И я готова все разложить по полочкам.
Вчера вечером в дверь постучал отец Рауля. Он сказал, что мне пришло письмо. Я уже легла — было темно, и комары в здешней местности, по-видимому, обожают запах мелиссы. Я вскрыла конверт неохотно, опасаясь подвоха со стороны Фабьена, его замечательных, написанных короткими фразами — в манере телеграмм — резолюций, проверенных цензурой. Или счетов, бланков, требующих заполнения, связанных с тем, что я сейчас безработная. Я не видела Николя с тех пор, как мальчик устроил нам изысканное рандеву в местечке под названием Круа-Сен-Жан. Догадываясь, что он следит за нами, скрываясь в папоротнике, мы сделали вид, будто только что познакомились.

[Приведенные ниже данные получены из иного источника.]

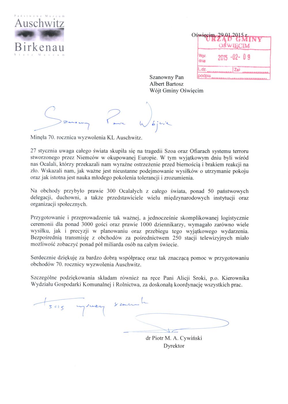 Podziękowania za pomoc w przygotowaniu obchodów 70. rocznicy wyzwolenia Auschwitz
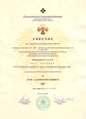 Das Dank- und Erinnerungskreuz 2007 des ÖKB Stadtverbandes Hollabrunn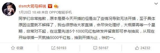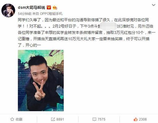 1月31日,大司马终于在微博中宣布将在2月2日重新开播,距离大司马停播已经过去了26天,开播当天就已经足足停播28天!至于直播平台,仍然是斗鱼直播,对于停播的原因,大司马表示是因为和平台沟通,这才导致停播了这么久。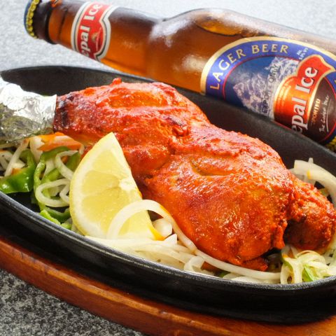 スパイスで味付けしている骨付きチキン♪食べごたえ抜群です!!650円!当店のタンドリーチキンは本格的な窯で1本1本丁寧に愛情込めて焼いています☆たっぷりの、スパイスとヨーグルトの中に漬け込んで中までスパイスが染みた、深みのあるチキンでクセになります♪見かけも辛そうだが、本当は全然辛くない。香り高く、インドの気分。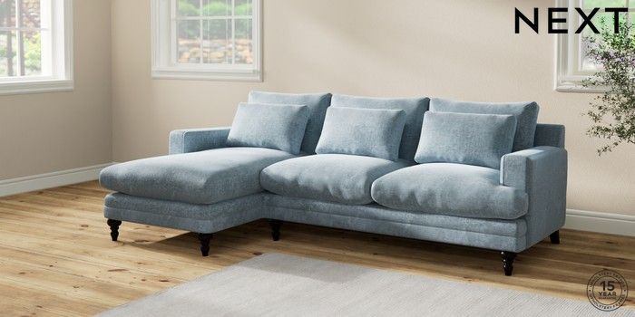 7.2.6 Buy Hutton Deep Relaxed Sit Medium Sofa Chaise - Left Hand Plush Chenille Light Blue Country Turned - Dark from the Next UK online shop Click here to use our accessible website
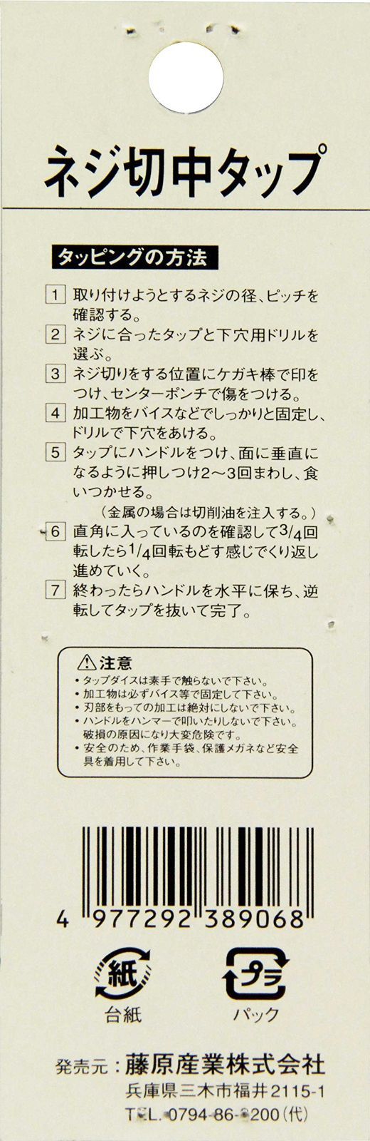 用途:一般鉄鋼用ねじ切り作業(メネジ切り)

Как поживаете, сегодня прекрасная погода, сын сказал мне, что вам нравится моя игра, вы здесь в отпуске, как называется этот цветок, не знаю, у вас красивые глаза, вы тоже не лишены обаяния, жизнь — забавная штука, случай, судьба, может быть, прошлая жизнь, мы думаем, что приходим в этот мир, а на самом деле возвращаемся, хотите, как-нибудь выпьем по стаканчику? Мы знали, что ситуация выходит из-под контроля: нам нечего было больше сказать друг другу, а Рауль от нас этого требовал — отныне правила игры устанавливает он.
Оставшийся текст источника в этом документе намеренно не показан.